Опись библиотеки Голубинского, заметки, оставленные им на книгах, дают большой материал для воссоздания биографии ученого. Еще более ценна "Опись" для историков Русской церкви, давая им возможность общения с крупнейшим ее знатоком и знакомства с методами его работы над книгой, с его подходом к формированию библиотеки, хотя следует отметить, "Опись" далеко не дает полного учета книг по истории Русской церкви (сам Голубинский не мог удовлетвориться собственной библиотекой, содержавшей около 5000 томов, и "значительно большее количество их он получал из академической и других библиотек для временного пользования и с ними имел такую же переписку в виде таких же заметок") (ОР РГБ. Ф.541, К.1, Д.17.).

Библиотека Е.Е.Голубинского, находившаяся, по-видимому, в МАМИД, вместе с библиотекой самого С.А.Белокурова и библиотекой МАМИД, после революции была раздроблена. Несколько сот книг  нами обнаружено de visu в библиотеке Историко-архивного института. Свои книги Голубинский помечал автографом на форзаце, который часто сопровождается указанием на дату приобретения или дара книги; в тексте встречается карандашные пометы и заметки академика. В "Описи", к сожалению, не описаны дарственные надписи самих авторов книг, часто весьма интересные. В составлявшую "Опись" группу, которой руководил И.А.Голубцов, входили два студента МДА, помощник библиотекаря Академии, брат И.А. - Сергей. На каждую книгу составлялось описание на отдельном листе для рабочих-наборщиков. Работа велась более шести лет и давалась Голубцову нелегко - война, революция, личная драма (несчастное увлечение М.Крестовой, любившей брата Сергея). Печатание было прервано, по-видимому, вследствие революционных потрясений, когда было набрано уже более половины "Описи". В архиве имеются две расписки И.А. о получении денег за редактирование и печатание "Описи" (К.7, Д.5), которые позволяют установить общий объем набранного текста - 48 листов, что, по-видимому, соответствует имеющимся 448 типографским страницам, на которых в конце 1917 г. прекратилось печатание "Описи". "Опись", сохранившаяся частично в гранках и первичных описаниях для набора состоит из трех разделов: книг греческого, латинского и кирилловского алфавита. Греческий раздел "Описи" содержит 273 названия, латинский раздел - 520, кирилловский - около 4 тыс. названий. В фонде Е.Е.Голубинского в Отделе рукописей РГБ находятся отпечатанные листы "Описи" (448 стр.) (Ф.541, К.15, Д.4) и первичные описания (около 2500) (Ф.541. К.14. Д.5-22, К.15. Д.1-3), с которых набор не был произведен.

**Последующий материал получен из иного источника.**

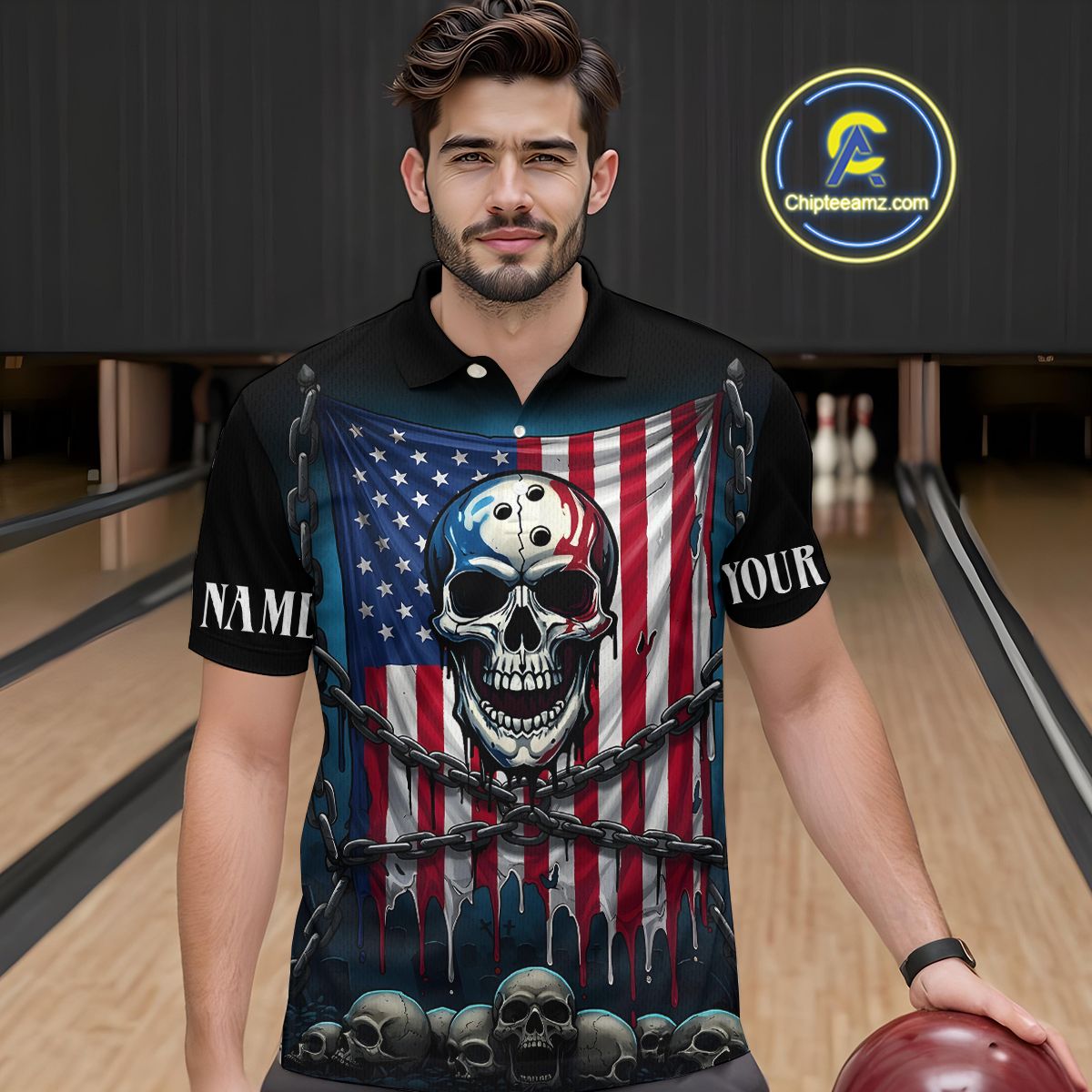US Flag Skull Bowling Custom Men Bowling Shirt Polo & Quarter-Zip Bowling Team Shirts HNT74
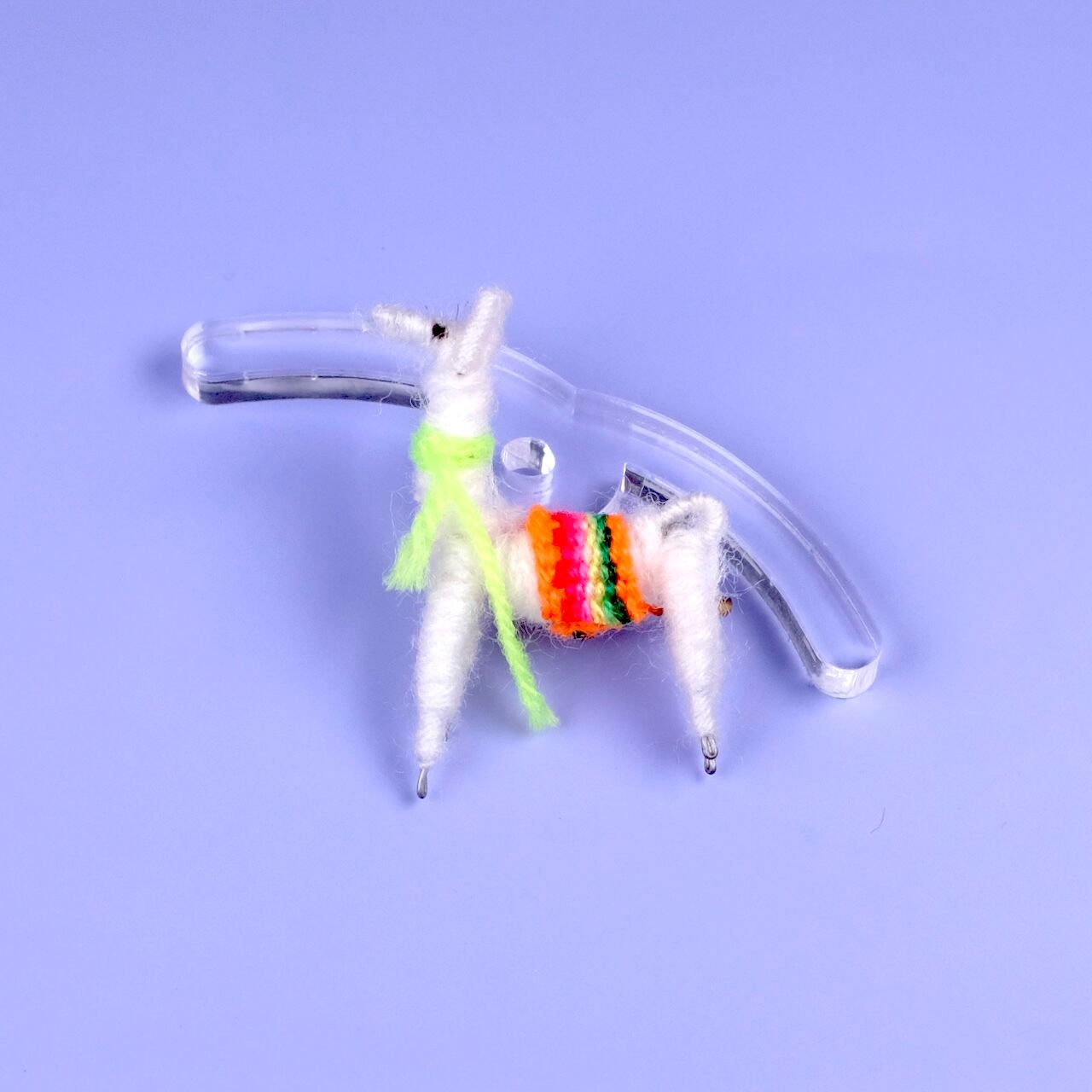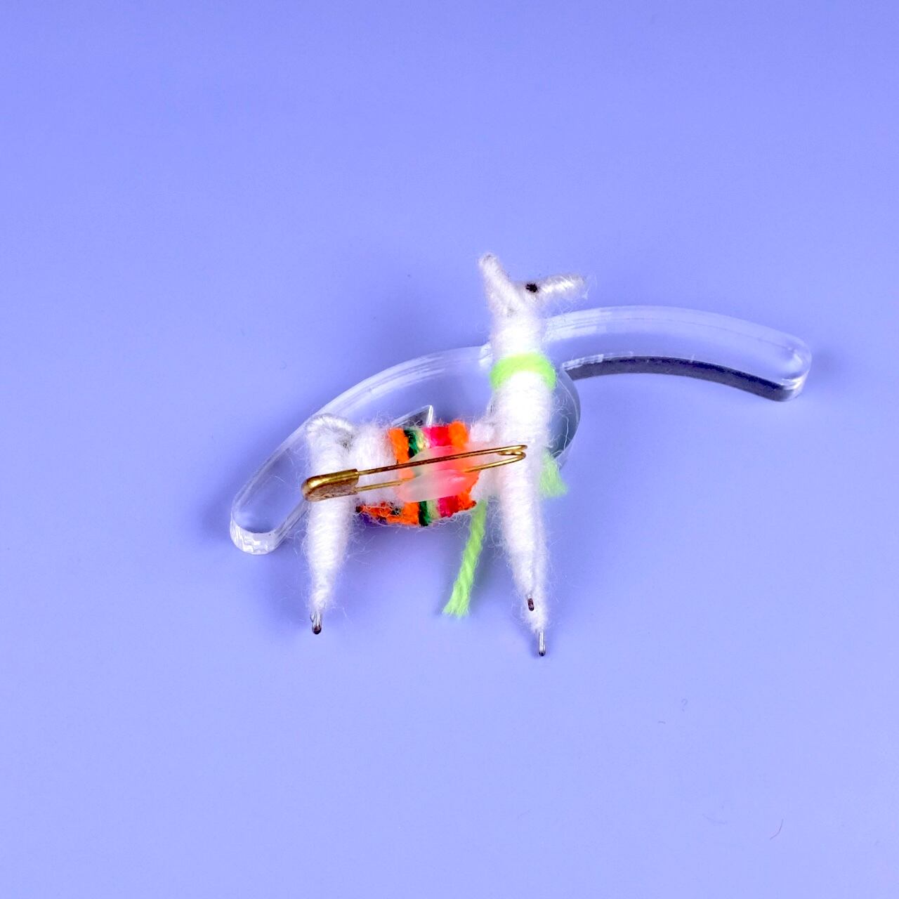 アルパカブローチ「ホワイト・ネオンイエロー」

В архиве И.А.Голубцова было два экземпляра гранок. Но полностью сохранился лишь первый экземпляр вследствие ареста в 1930 г. по "Платоновскому" делу и заключения и ссылки до 1937 г. От второго экземпляра осталось около 50 страниц. Тексты утраченных листов гранок первого экземпляра были восстановлены И.А. в 1965 г. при подготовке к передаче материалов в Отдел рукописей. 

Большой интерес представляет вступительная статья И.А.Голубцова к "Описи", которую нам посчастливилось обнаружить в папке, озаглавленной "Некрологи" (К.1, Д.17). Изучение заметок на книгах, позволили Голубцову дать научной работе и личности академика Е.Е.Голубинского яркую характеристику. На заседании в Институте истории, посвященном 100-летию Голубцова, отмечалась необходимость издания неопубликованных работ ученого. Издание "Описи" стало бы памятником не только Голубинскому, как это задумывалось его учениками, но и школе Голубинского, и И.А.Голубцову. 

1. Голубцов С.А. А.П.Голубцов // ЖМП.- 1989.- N 3.- С.18

2. Голубинский Е.Е. Воспоминания.- Кострома, 1923.

3. Глубоковский Н.Н. За тридцать лет (1884-1914 гг.)// У Троицы в Академии.- М., 1914.- С.743.

4. ОР РГБ. Ф.541, п.1, ед.хр.17.

5. Голубцов С.А. Из жизни И.А.Голубцова // Московский журнал.- 1992.- N 11-12.- С.73.


Отрывок и несколько набросков для вступительной статьи И.А.Голубцова к "Описи библиотеки Е.Е.Голубинского"

Движимое чувством глубокого уважения к покойному почетному члену своему знаменитому историку русской церкви Евгению Евсигнеевичу Голубинскому, желая воздать дань благоговейной памяти его 50-тилетнему самоотверженному научному подвигу, Общество Истории и Древностей Российских шесть лет тому назад по мысли и плану своего действительного члена С.А.Белокурова, душеприказчика покойного, приступило в числе других и к настоящему изданию, поручив подготовку и редактирование его пишущему эти строки - Можно было угадывать, что по специфичности своей, книга, подобная этой, несомненно, не может рассчитывать на общий интерес и широкий круг читателей; однако для всякого, кто более или менее близко знал покойного ученого, было ясно, что именно издание, посвященное описанию его библиотеки с воспроизведением оставленных им на книгах пометок, явится, пожалуй, более надежным и соответствующим своей цели способом увековечения его памяти, средством к сохранению иной раз научно ценных замечаний и к распространению не лишенных поучительности и серьезного интереса сведений о домашнем научном быте одного из незаурядных аскетов от науки.  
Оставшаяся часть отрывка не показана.